• [Material provided]:
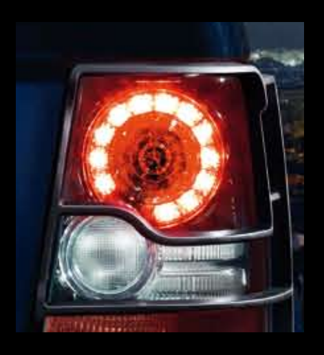
Rear Lamp Guards For 2010 vehicles onward — VPLSP0011
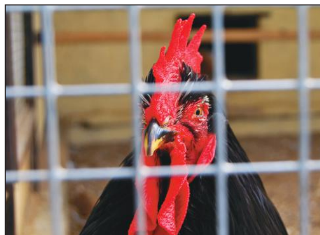
WELFARE: Will the new trade agreement see battery-hen eggs back on UK supermarket shelves?

"Scotland's farmers, crofters and producers welcome opportunities to improve trade overseas but only on fair terms, that reduce risk to our food security and above all protect the
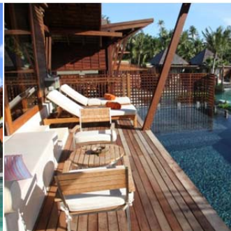
Deluxe Pool Suite
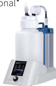
BVC Professional Fluid Aspiration System
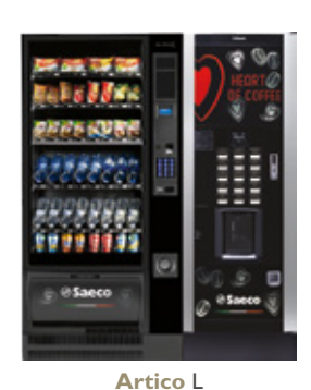
Atlante Evo 500
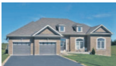
ALMOST NEW-OPEN CONCEPT FLOOR PLAN $554,900
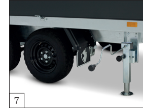
Standard: 90° swivelling heavy duty prop stands incl. support crank not mounted.
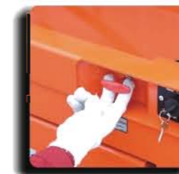
Emergency Lowering System
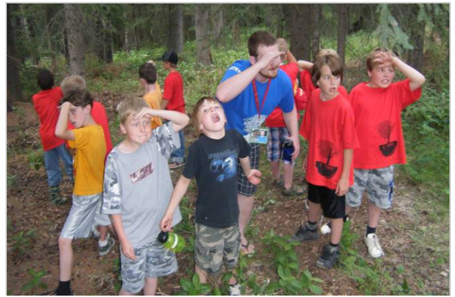
River's Edge Camp and Conference Centre

But God had been doing a work that in many ways was not as anyone imagined. His timing and His plans were unfolding but in a way that would require even greater faith and a willingness to consider significant changes and new directions for the camp to effectively minister to the next generation of campers, staff and guests. It was as if God was looking to establish a new future, a new camp that would be built on the legacy of its predecessors but a camp with its own identity, distinctives, and direction. For that to happen, like a grain of wheat that is planted into the ground and must first die to bring forth a bountiful harvest, so the new camp would need to have a death to it's old self and then arise to have an even more bountiful harvest than could have ever been envisioned.
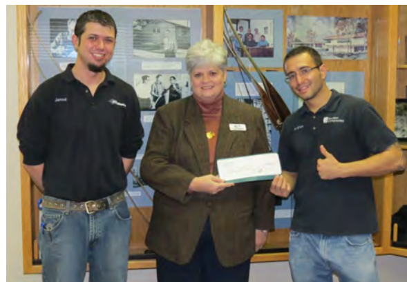
For the 2nd year in a row, Dolphin House was a recipient of the Employee Christmas Funds at Gordon Composites.
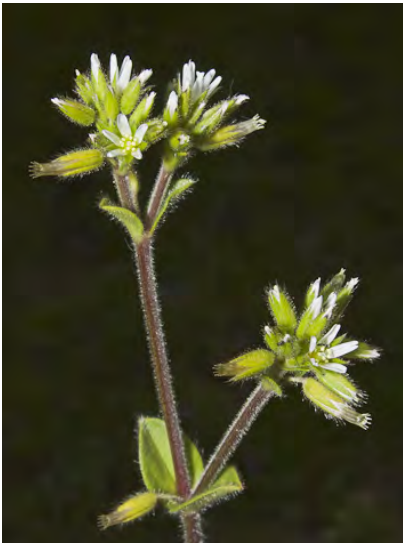
STICKY MOUSE-EAR CHICKWEED (Cerastium glomeratum) Naturalized Annual - Pink Family - (Spring) - Dry hillsides, grassland, chaparral, disturbed areas - Flowers 0.1-02" long, white, sticky-hairy. Flower bract hairs extend beyond tip; bracts herbaceous.
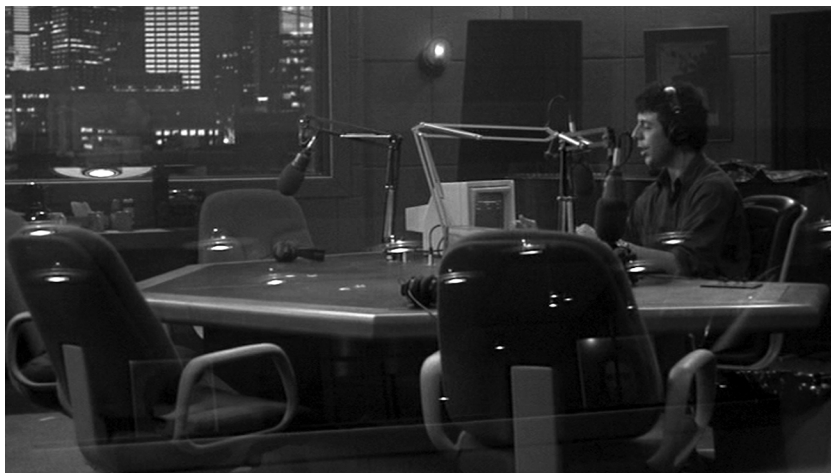
Figure 5.1. Talk Radio . The city looms as a figure of surveillance.

in which Barry is under surveillance by a looming, amorphous public eye. Because Barry stubbornly refuses to shy away from racist and dangerous callers, the confined setting of WGAB transforms into a space of deep uncertainty.
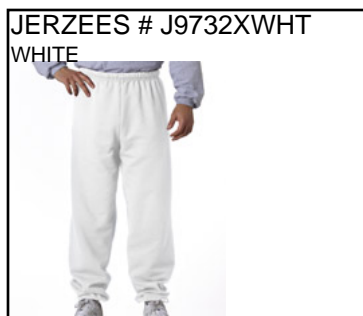
JERZEES # J9732XWHT WHITE

SWEAT PANTS: Preshrunk 50% cotton/50% polyester, 8-oz. Spill-resistant fleece. Covered elastic waistband. Elastic bottom leg. No pockets. Ship. Wt. 18oz. Privil. A/B-2, SHU/PSU-2 Sizes: Men's: M - XL $13.99

• [Goal of the exercise]: Copy the records word for word, leaving no picture in the copy.

• [Expected answer]:
Rear Lamp Guards For 2010 vehicles onward — VPLSP0011
WELFARE: Will the new trade agreement see battery-hen eggs back on UK supermarket shelves?

"Scotland's farmers, crofters and producers welcome opportunities to improve trade overseas but only on fair terms, that reduce risk to our food security and above all protect the
Deluxe Pool Suite
BVC Professional Fluid Aspiration System
Atlante Evo 500
ALMOST NEW-OPEN CONCEPT FLOOR PLAN $554,900
Standard: 90° swivelling heavy duty prop stands incl. support crank not mounted.
Emergency Lowering System
River's Edge Camp and Conference Centre

But God had been doing a work that in many ways was not as anyone imagined. His timing and His plans were unfolding but in a way that would require even greater faith and a willingness to consider significant changes and new directions for the camp to effectively minister to the next generation of campers, staff and guests. It was as if God was looking to establish a new future, a new camp that would be built on the legacy of its predecessors but a camp with its own identity, distinctives, and direction. For that to happen, like a grain of wheat that is planted into the ground and must first die to bring forth a bountiful harvest, so the new camp would need to have a death to it's old self and then arise to have an even more bountiful harvest than could have ever been envisioned.
For the 2nd year in a row, Dolphin House was a recipient of the Employee Christmas Funds at Gordon Composites.
STICKY MOUSE-EAR CHICKWEED (Cerastium glomeratum) Naturalized Annual - Pink Family - (Spring) - Dry hillsides, grassland, chaparral, disturbed areas - Flowers 0.1-02" long, white, sticky-hairy. Flower bract hairs extend beyond tip; bracts herbaceous.
Figure 5.1. Talk Radio . The city looms as a figure of surveillance.

in which Barry is under surveillance by a looming, amorphous public eye. Because Barry stubbornly refuses to shy away from racist and dangerous callers, the confined setting of WGAB transforms into a space of deep uncertainty.
JERZEES # J9732XWHT WHITE

SWEAT PANTS: Preshrunk 50% cotton/50% polyester, 8-oz. Spill-resistant fleece. Covered elastic waistband. Elastic bottom leg. No pockets. Ship. Wt. 18oz. Privil. A/B-2, SHU/PSU-2 Sizes: Men's: M - XL $13.99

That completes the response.